**Data under study**
Content starts
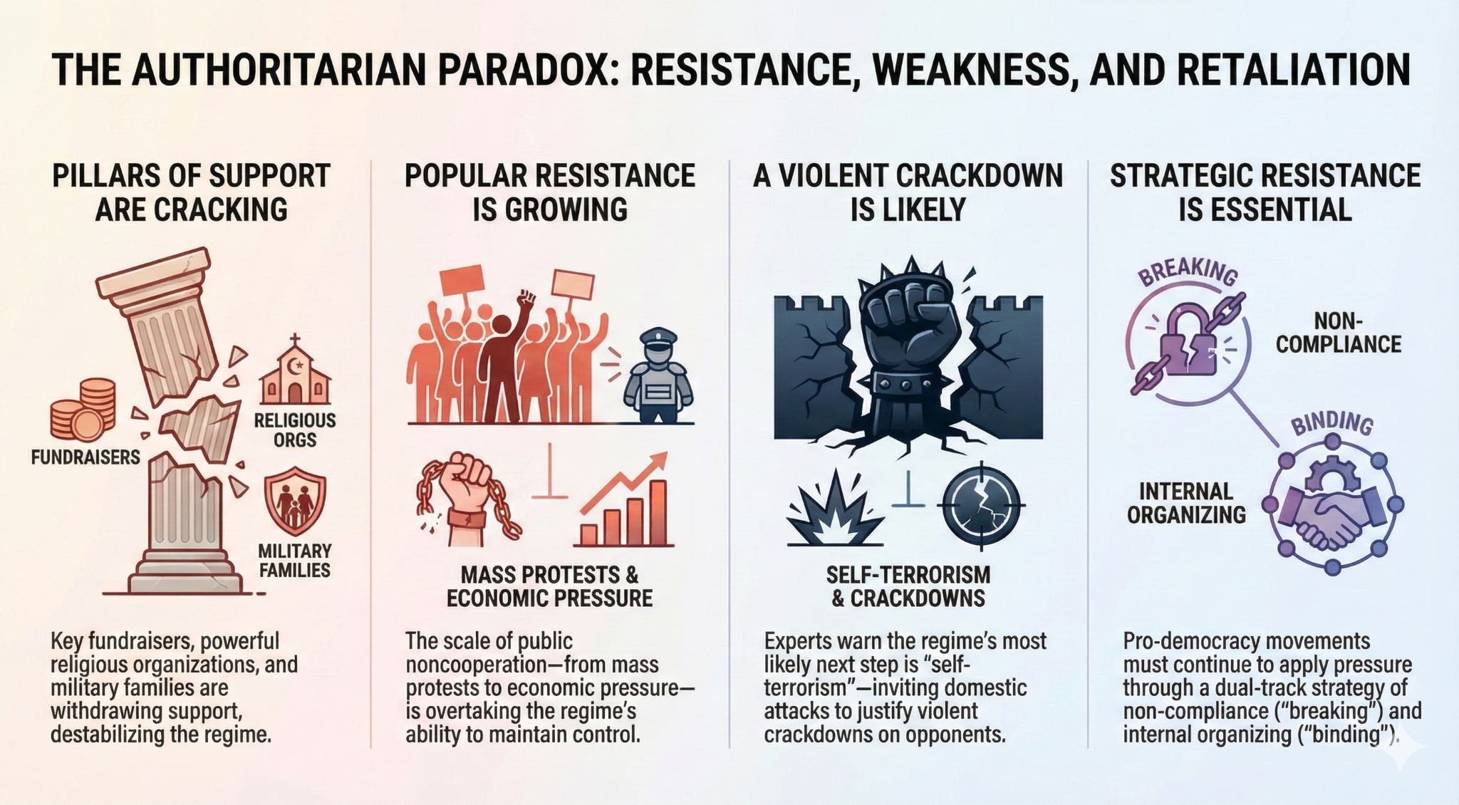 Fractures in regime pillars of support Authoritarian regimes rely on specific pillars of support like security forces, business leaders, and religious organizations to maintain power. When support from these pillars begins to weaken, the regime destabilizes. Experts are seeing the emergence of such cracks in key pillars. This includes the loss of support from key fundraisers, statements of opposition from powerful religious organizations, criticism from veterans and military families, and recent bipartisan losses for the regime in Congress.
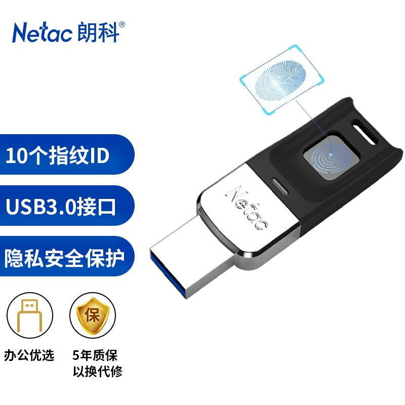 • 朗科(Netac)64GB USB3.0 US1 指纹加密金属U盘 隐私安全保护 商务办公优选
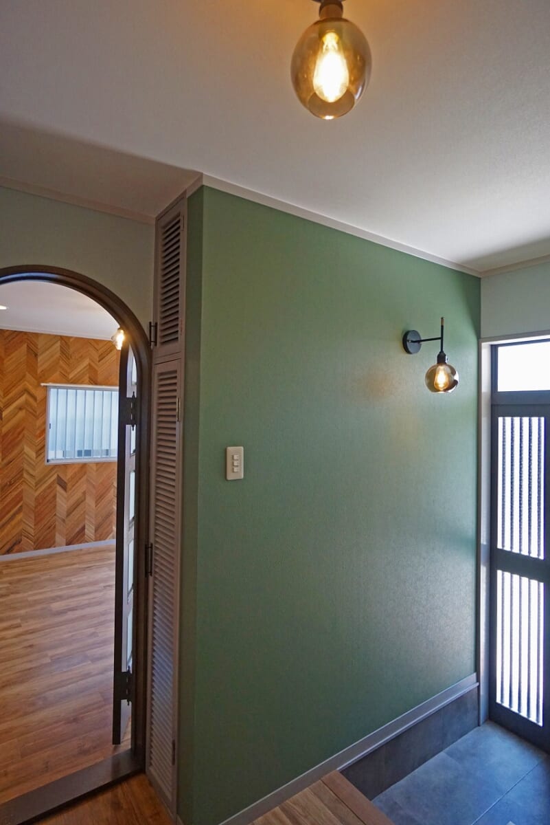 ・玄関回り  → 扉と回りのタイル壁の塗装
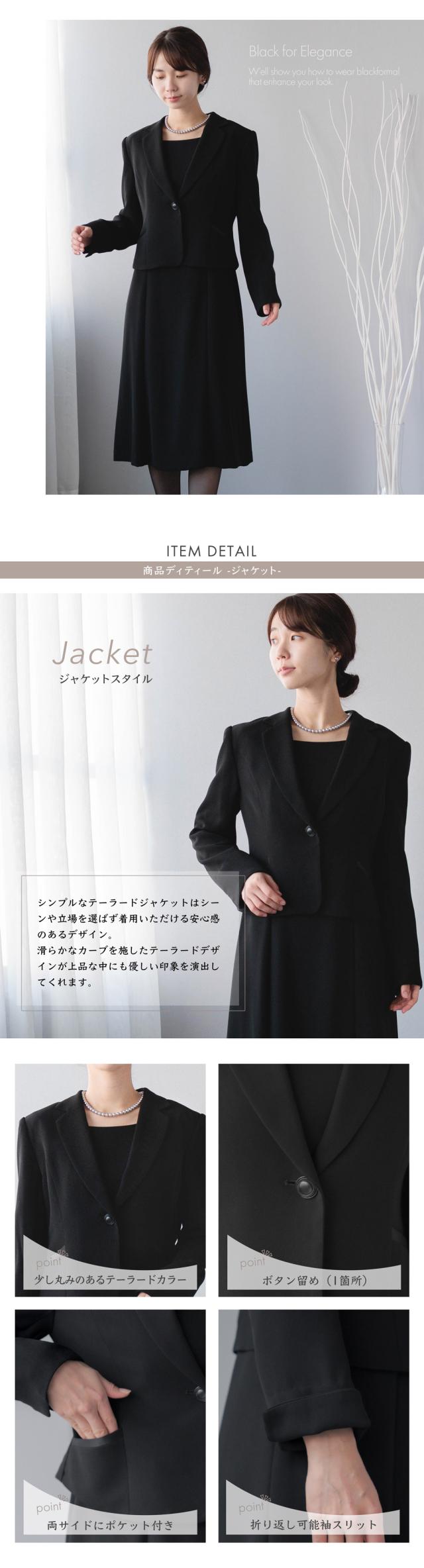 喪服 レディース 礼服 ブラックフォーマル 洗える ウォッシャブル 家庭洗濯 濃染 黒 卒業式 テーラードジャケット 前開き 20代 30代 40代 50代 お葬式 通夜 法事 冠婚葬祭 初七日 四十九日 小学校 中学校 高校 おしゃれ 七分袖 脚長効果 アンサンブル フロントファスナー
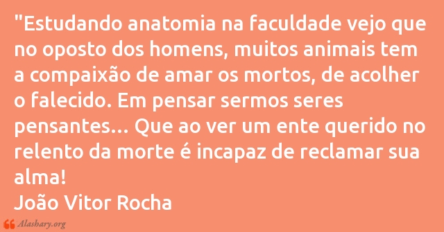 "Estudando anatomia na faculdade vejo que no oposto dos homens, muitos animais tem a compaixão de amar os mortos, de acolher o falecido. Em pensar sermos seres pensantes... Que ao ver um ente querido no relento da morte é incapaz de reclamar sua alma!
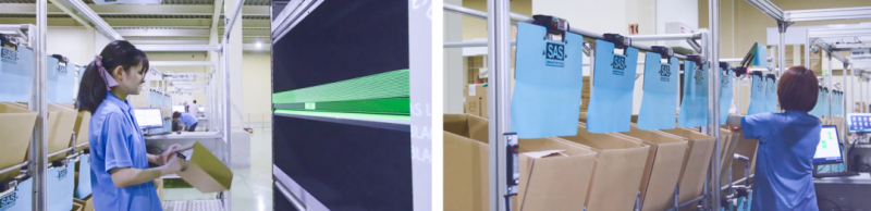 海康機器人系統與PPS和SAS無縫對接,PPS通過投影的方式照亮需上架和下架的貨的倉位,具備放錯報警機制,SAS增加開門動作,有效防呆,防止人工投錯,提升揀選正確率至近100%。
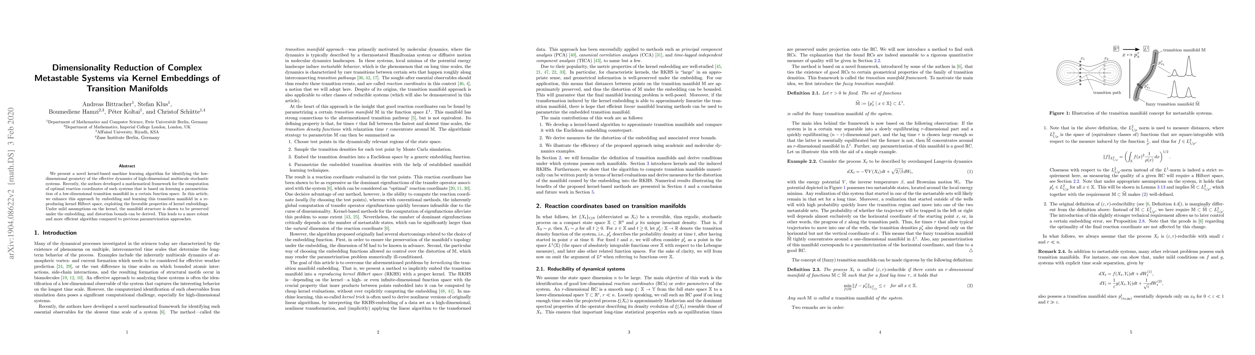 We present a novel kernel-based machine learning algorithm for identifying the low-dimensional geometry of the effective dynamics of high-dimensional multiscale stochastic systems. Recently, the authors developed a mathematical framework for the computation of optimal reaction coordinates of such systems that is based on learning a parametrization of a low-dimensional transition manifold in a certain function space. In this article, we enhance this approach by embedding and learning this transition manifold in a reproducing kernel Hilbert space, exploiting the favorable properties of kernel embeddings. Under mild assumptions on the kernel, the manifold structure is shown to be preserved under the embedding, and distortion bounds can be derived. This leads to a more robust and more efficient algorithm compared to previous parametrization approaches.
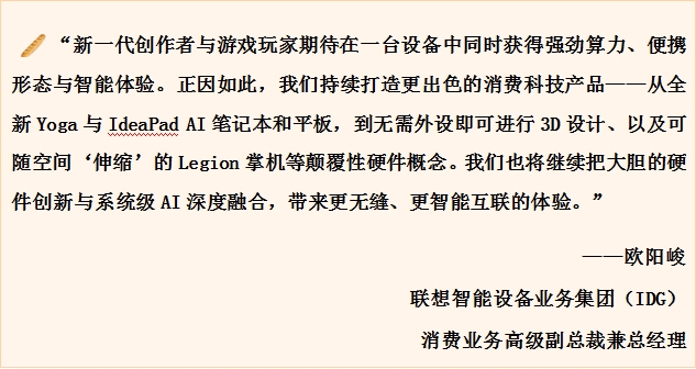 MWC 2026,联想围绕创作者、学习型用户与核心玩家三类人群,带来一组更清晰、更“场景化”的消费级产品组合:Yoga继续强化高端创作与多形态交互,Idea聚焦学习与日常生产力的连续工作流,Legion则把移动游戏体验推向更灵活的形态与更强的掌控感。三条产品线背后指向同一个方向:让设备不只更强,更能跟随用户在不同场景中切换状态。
Content ends
**Directions for this task**
From the data above, return only the lines starting at the line that holds "喪服 レディース 礼服" and ending at the line that holds "We present a", word for word and without pictures.

**Solution for this task**
 喪服 レディース 礼服 ブラックフォーマル 洗える ウォッシャブル 家庭洗濯 濃染 黒 卒業式 テーラードジャケット 前開き 20代 30代 40代 50代 お葬式 通夜 法事 冠婚葬祭 初七日 四十九日 小学校 中学校 高校 おしゃれ 七分袖 脚長効果 アンサンブル フロントファスナー
 "Estudando anatomia na faculdade vejo que no oposto dos homens, muitos animais tem a compaixão de amar os mortos, de acolher o falecido. Em pensar sermos seres pensantes... Que ao ver um ente querido no relento da morte é incapaz de reclamar sua alma!
 海康機器人系統與PPS和SAS無縫對接,PPS通過投影的方式照亮需上架和下架的貨的倉位,具備放錯報警機制,SAS增加開門動作,有效防呆,防止人工投錯,提升揀選正確率至近100%。
 We present a novel kernel-based machine learning algorithm for identifying the low-dimensional geometry of the effective dynamics of high-dimensional multiscale stochastic systems. Recently, the authors developed a mathematical framework for the computation of optimal reaction coordinates of such systems that is based on learning a parametrization of a low-dimensional transition manifold in a certain function space. In this article, we enhance this approach by embedding and learning this transition manifold in a reproducing kernel Hilbert space, exploiting the favorable properties of kernel embeddings. Under mild assumptions on the kernel, the manifold structure is shown to be preserved under the embedding, and distortion bounds can be derived. This leads to a more robust and more efficient algorithm compared to previous parametrization approaches.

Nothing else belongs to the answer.